Ведь советское село, в полной мере вкусившее достижения государства в области развития народного образования, стало тем важным плацдармом, откуда начинали жизненный путь многие выдающиеся люди в самых разных областях человеческой деятельности.
Кубань и Адыгея – более чем убедительное тому подтверждение, в том числе и в математике. Достаточно назвать единственного (сегодня) в Краснодарском крае полного академика, то есть действительного члена Академии наук России, одного из крупнейших специалистов в области прикладной математики, интегральных и дифференциальных уравнений Владимира Андреевича Бабешко. А ведь он родился и окончил школу в станице Новотитаровской, откуда поехал поступать в Ростовский университет, славящийся в ту пору своей уникальной математической школой.
К той поре сельское школьное образование в Краснодарском крае (это как раз когда начинали работу в Псейтукской средней школе молодые педагоги Казбек и Луиза Ахеджак) поднималось на весьма высокий учебный и воспитательный уровень.
Что касается Адыгеи, то тут достаточно назвать только троих её республиканских руководителей: Аслана Алиевича Джаримова, Хазрета Меджидовича Совмена и Аслана Китовича Тхакушинова. Все трое – воспитанники сельских школ: аулов Егерухай, Афипсип и Уляп. Вот что такое была сельская школа, где трудились в ту пору не просто редкие подвижники, а специалисты новой формации, даже в таких тонких предметах, как математика.
– Запомни, – назидательно говорил мне Казбек, отец Мурата и дед Казбека, – никто не поражал просвещённый мир своими достижениями, как это делали и делают математики, и, заметь, не только экстравагантностью своих поступков. Возьми, например, самый свежий пример, с Григорием Перельманом…

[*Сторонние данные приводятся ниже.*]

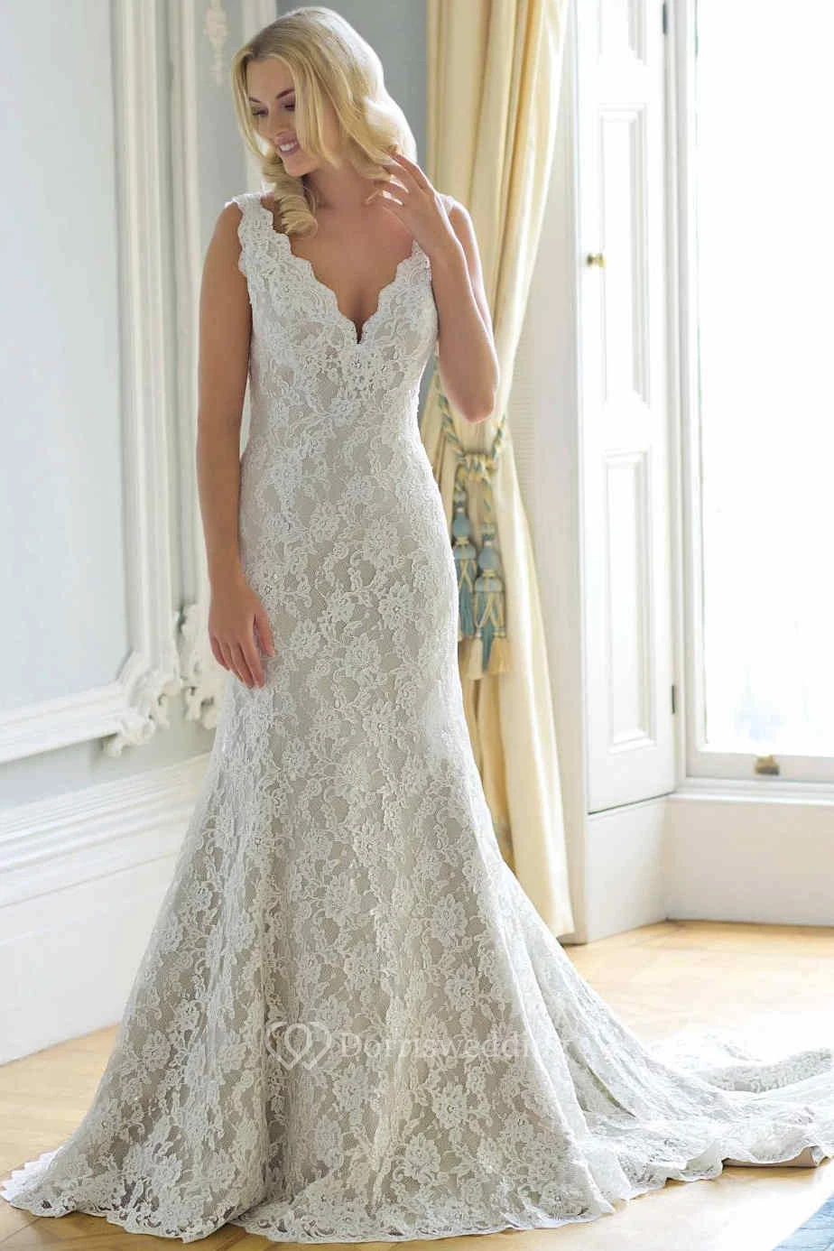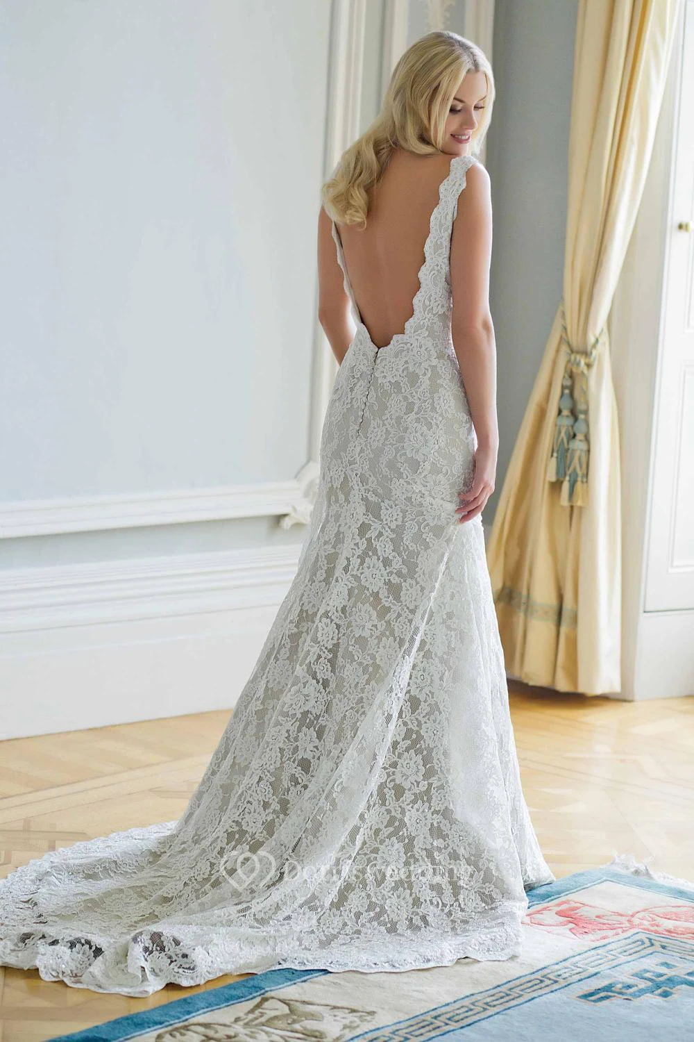 A-Line Sleeveless Appliqued Floor-Length V-Neck Lace Wedding Dress

– Это тот, который отказался от миллиона долларов? – проявил я живую осведомлённость.
– Право же, – засмеялся Казбек, – все помнят, что он проигнорировал премию в миллион долларов, и все возбуждённо рассуждают только об этом. И мало кто знает, что молодой Гриша Перельман, родившийся в 1966 году в очень небогатой семье ленинградских интеллигентов, удостоен премии, которая называется «Медаль Филдса», и присвоена она «За вклад в геометрию и революционные идеи в изучении геометрической и аналитической структуры потока Риччи». Это та самая куча долларов, коей его осыпали за неподъёмное доселе решение так называемой «гипотезы Пуанкаре», что мир математиков посчитал прорывом в науке (а это люди, в отличие от многих, очень и очень объективные). Вот её, эту премию, удивительный Гриша и проигнорировал, кстати, не в первый раз. Ещё в 1996 году он был удостоен другой весьма престижной премии Европейского математического общества и тоже отказался её получать… Во как!
– Может быть, он просто кокетничает для известности или для пиара, – стал резонёрствовать я. – И потом, с чего ты взял, что его родители такие небогатые? Отец, насколько мне известно, очень известный физик Яков Перельман. Гриша-то ведь Яковлевич… Я даже помню его книжку, у нас дома была… Называлась, по-моему, «Занимательная физика»…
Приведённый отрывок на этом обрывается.